DATA PROVIDED
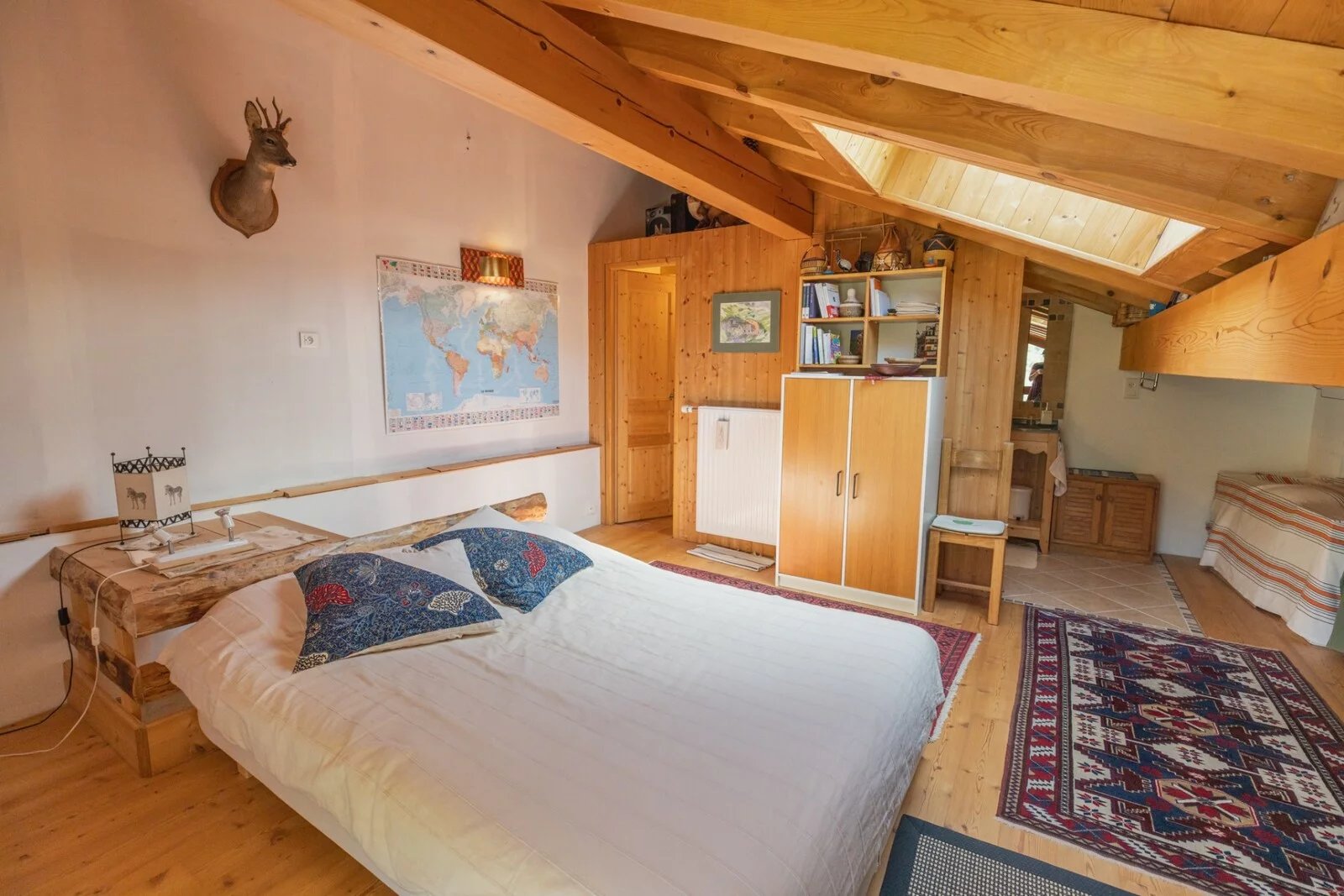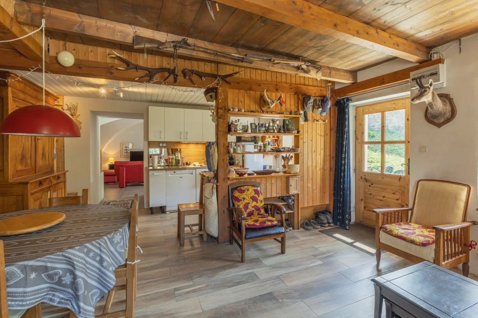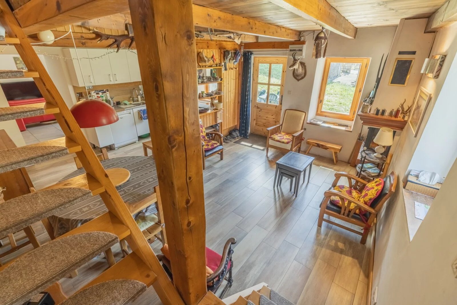 With 107.18sq.m of living space spread over 3 levels, the living area comprises 2 large bedrooms and a dormitory (sleeping 6 in total), a semi-open-plan kitchen opening onto the living room, and a very large vaulted living room. There is a shower room and WC on each level.
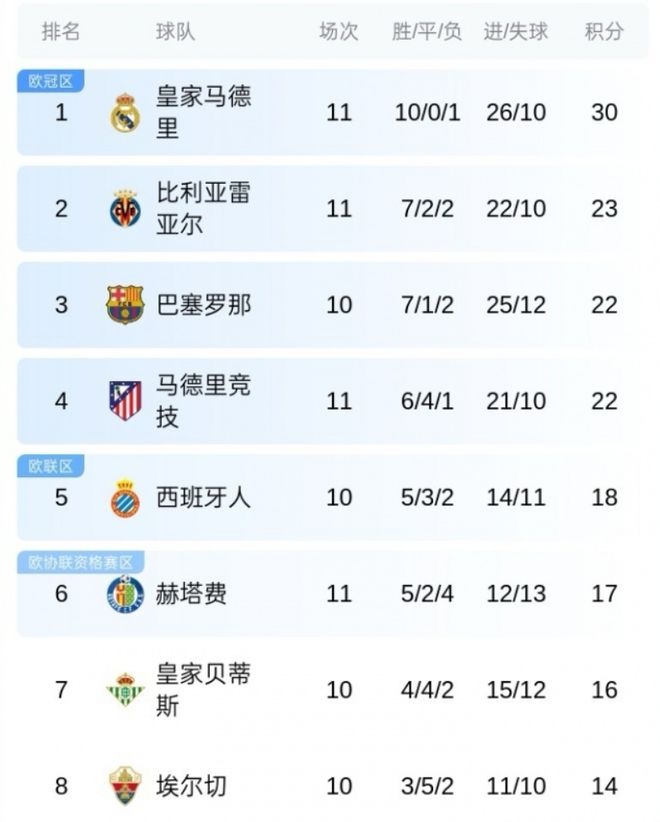 西甲联赛最新积分榜如下:
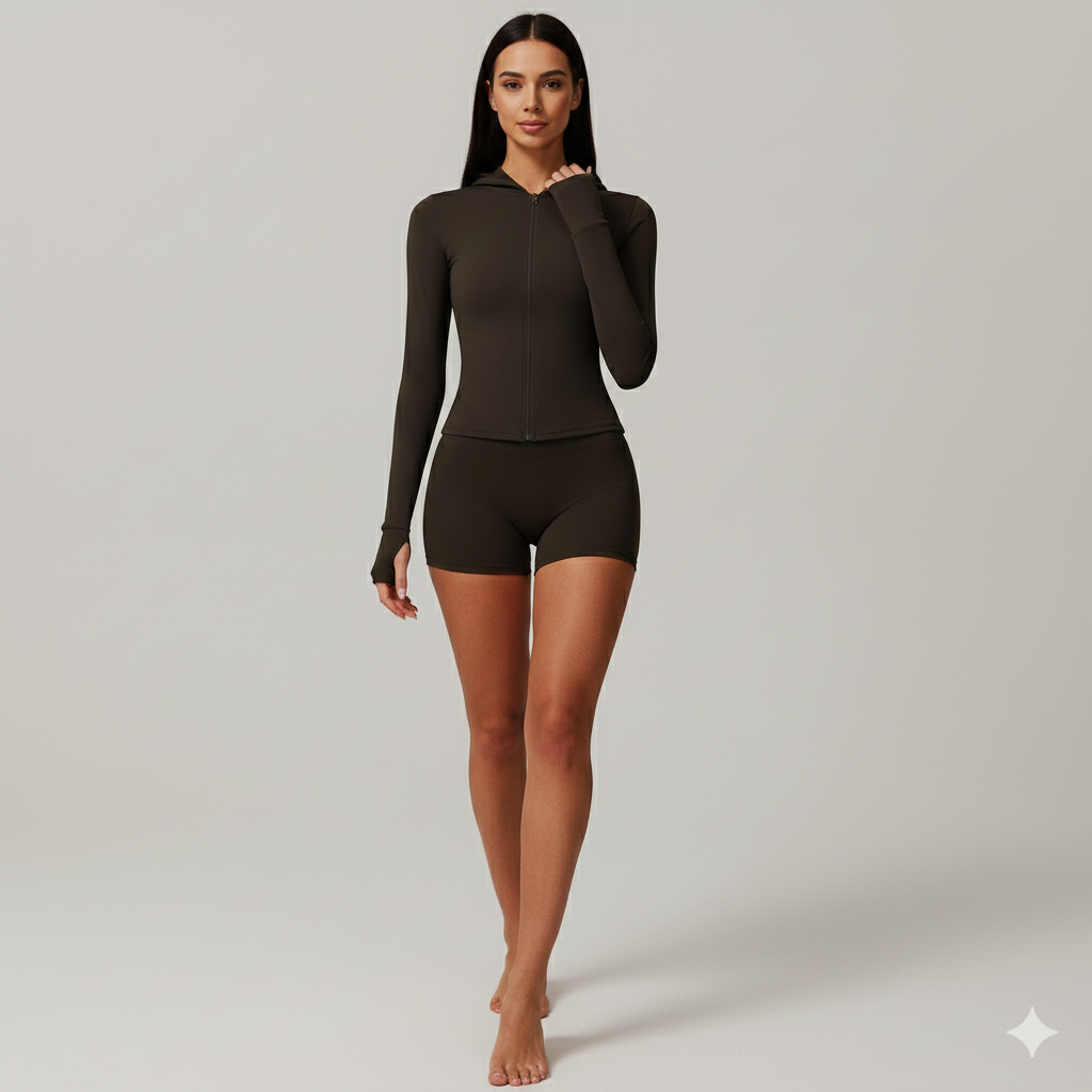 Women’s Zip-Up Hoodie Crop Top & High-Waist Shorts 2-Piece Set

YOUR ASSIGNMENT
Retype the listing above exactly, pictures excluded.

ANSWER BELOW
 With 107.18sq.m of living space spread over 3 levels, the living area comprises 2 large bedrooms and a dormitory (sleeping 6 in total), a semi-open-plan kitchen opening onto the living room, and a very large vaulted living room. There is a shower room and WC on each level.
 西甲联赛最新积分榜如下:
 Women’s Zip-Up Hoodie Crop Top & High-Waist Shorts 2-Piece Set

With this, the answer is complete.